Entry into the exchange rate mechanism had nothing whatsoever to do with the long-term economic future of this country, with the prosperity of most of the population and with the ability of most of the adult population who want work to get that work. Entry had everything to do with the Government's desire to create economic conditions for between six and nine months which would enable them to go to the country with a faint prospect of winning an election.

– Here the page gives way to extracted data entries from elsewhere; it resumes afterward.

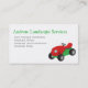 A business card with a red mowing tractor for those in the landscaping services like lawn mowing, maintenance, weeding, fertilizer, pest control, landscape care, landscape design and gardening services. Personalise easily with your business details.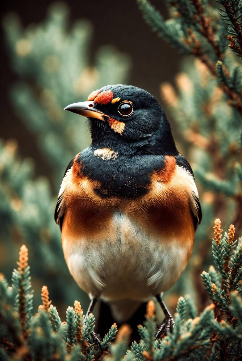 De Hartklank heeft een zachter voorkomen dan zijn verwanten. Zijn verenkleed combineert het warme bruin en diepe zwart van de merel met subtiele goud- en roodaccenten rond het gezicht en de vleugels. Zijn ogen zijn groot en donker, met een vochtige glans die zijn gevoeligheid verraadt.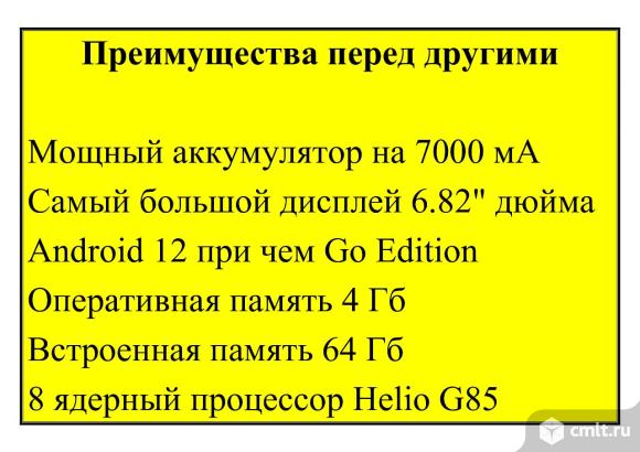 Причина продажи-хочу не смартфон,а планшет с двойным экраном.Обмен на планшет с двойным экраном рассматриваю К объявлению прикреплено обзорное видео,взятое из интернет для общего обозрения модели(советую посмотреть) Это не ZTE,не Itel,не Dexp,не BQ,не INOI,не No brand goods Rino и многие многие другие с маленькими экранами,маленькими оперативной и внутренней памятью и слабыми аккумуляторами!!! Пожалуйста сравнивайте смартфоны только с одинаковыми хар-ми и особенно с такой же ёмкостью аккумулятора! Если сделать сброс на заводские установки-будет как новый Не вскрывался.Стоит защитное стекло(ещё одно новое запасное в подарок).Тачскрин целый Преимущества: -самый большой выпускаемый экран HD диагональю 6.82" дюйм с матрицей IPS,которая не искажает изображение под любым углом(175х75 мм) -не допотопная,а современная операционная система Android 12 при чем Go Edition(подробнее смотри в интернет) -8 ядерный процессор Helio G85 -оперативная память 4 Гб(ничего не виснет) -встроенная память-64 Гб(поместятся все Ваши приложения и их обновления которые устанавливаются только на внутреннюю память) -самый большой и мощный современный Li-Ion аккумулятор на 7000 мА?ч-не будете как большинство «сидеть на шнурке» -сканер отпечатка пальца -очень удобно расположена сетевая кнопка-она утоплена и не мешает при пользовании-произвольно не включишь и не выключешь -мощный блок питания на 18 Вт Max в подарок Любые проверки на месте.Звоните расскажу покажу Появились в продаже смартфоны этой же фирмы,но с меньшим экраном и аккумулятором на 5000 мАч Поддержка 4G Слот для карт памяти объемом до 256 Гб Тип сенсорного экрана мультитач,емкостной Тип разъема для зарядки usb type-c Автоматический поворот экрана Фото вспышка тыльная,светодиодная Габаритные размеры: -высота 17.09 см -ширина 7.78 см -толщина 0.96 см Вес смартфона 230 грамм Электронный чек Остальные параметры смотри в интернете Не забывайте что если покупаете на маркетплейсах…товар не возвратный!Деньги не вернут Посмотреть можно в любое время по предварительному звонку в районе площади Ленина,ресторана Токио. 10.04.2026 17:52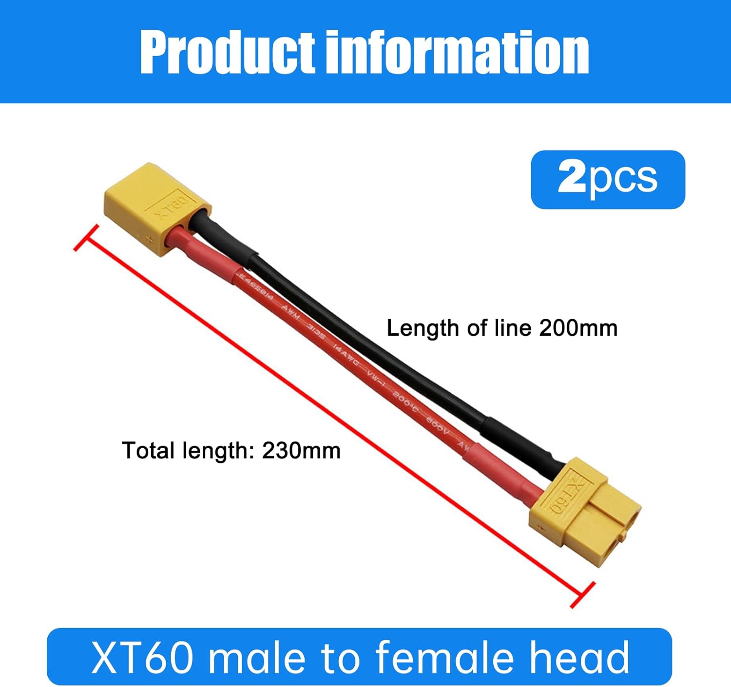 Utilizzato come adattatore o cavo di prolunga. Adattatore prolunga XT60 XT60 maschio a XT60 femmina Cavo: 20 cm Quantità: 2 pezzi

There is no doubt that the Madrid conditions were well and truly ditched by the Cabinet. I do not know about the Prime Minister herself. From her inability to speak today, it seems that she was probably dragged, kicking and screaming, into this agreement, and only acceded to it with the promise of a 1 per cent. cut in interest rates to dangle before the Conservative party conference. Perhaps the Government were and are hoping that, as a result of entry into the exchange rate mechanism, they will be able to cut interest rates further and that inflation will take a dramatic downward turn.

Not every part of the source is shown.